Studio album by Mary Chapin Carpenter
- Released: July 30, 1987
- Genre: Country
- Length: 42:21
- Label: Columbia
- Producers: Steve Buckingham John Jennings

Mary Chapin Carpenter chronology
|  | Hometown Girl (1987) | State of the Heart (1989) |

Alternative cover

= Hometown Girl (album) =

Hometown Girl is the debut album from American singer-songwriter Mary Chapin Carpenter. It was released on July 30, 1987 (see 1987 in country music) on Columbia Records. The album did not produce any chart singles.
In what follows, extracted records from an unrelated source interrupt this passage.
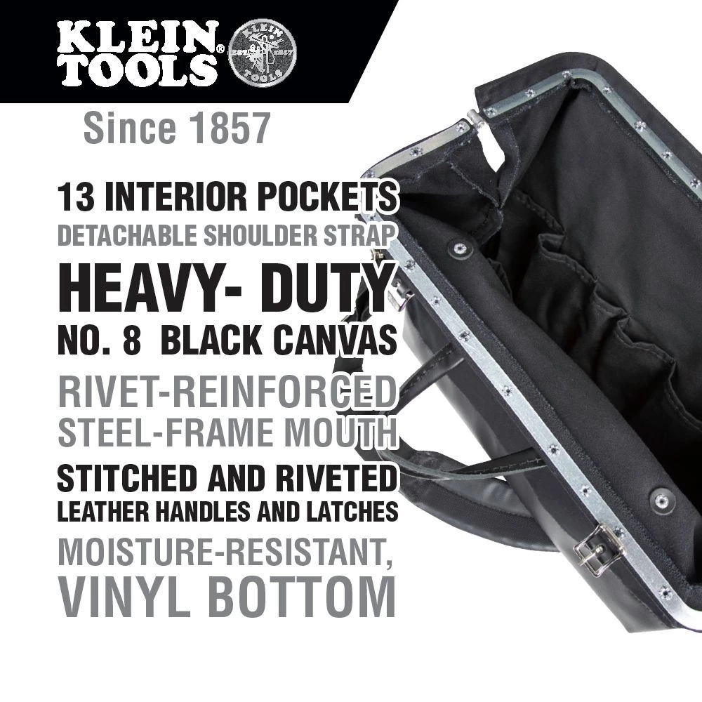 - Tool bag is constructed with heavy-duty No. 8 black canvas
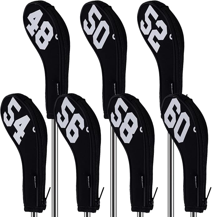 Andux ゴルフ ウェッジ アイアン クラブヘッドカバー 両側度数 ロングネック ジッパー付き 7個/セット
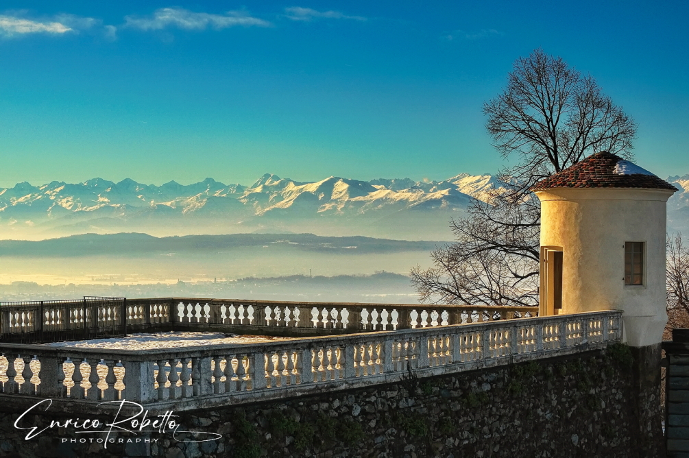 Un angolo del Castello di Masino, XI Secolo, sul fondo le Alpi Graie, Caravino, Torino, PiemonteItalia ----- A corner of the Masino Castle, 11th century, in the background the Graian Alps, Caravino, Turin, Piedmonte, Italy
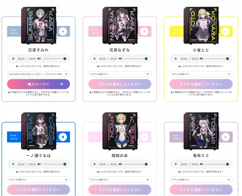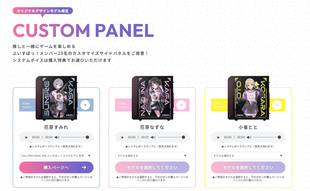 オリジナルデザインモデルを選ぶと、ぶいすぽメンバーが録り下ろしたシステムボイスが付いてきます。

It was produced by John Jennings, except for the track "Come On Home", which was produced by Steve Buckingham.

Vik Iyengar of AllMusic gave the album a two-and-a-half star rating out of five, saying that although "her songwriting skills are apparent" on the album, it did not contain as many "rollicking" tunes as Carpenter's following albums. The Washington Post gave it a more favorable review, praising the songs that Carpenter wrote.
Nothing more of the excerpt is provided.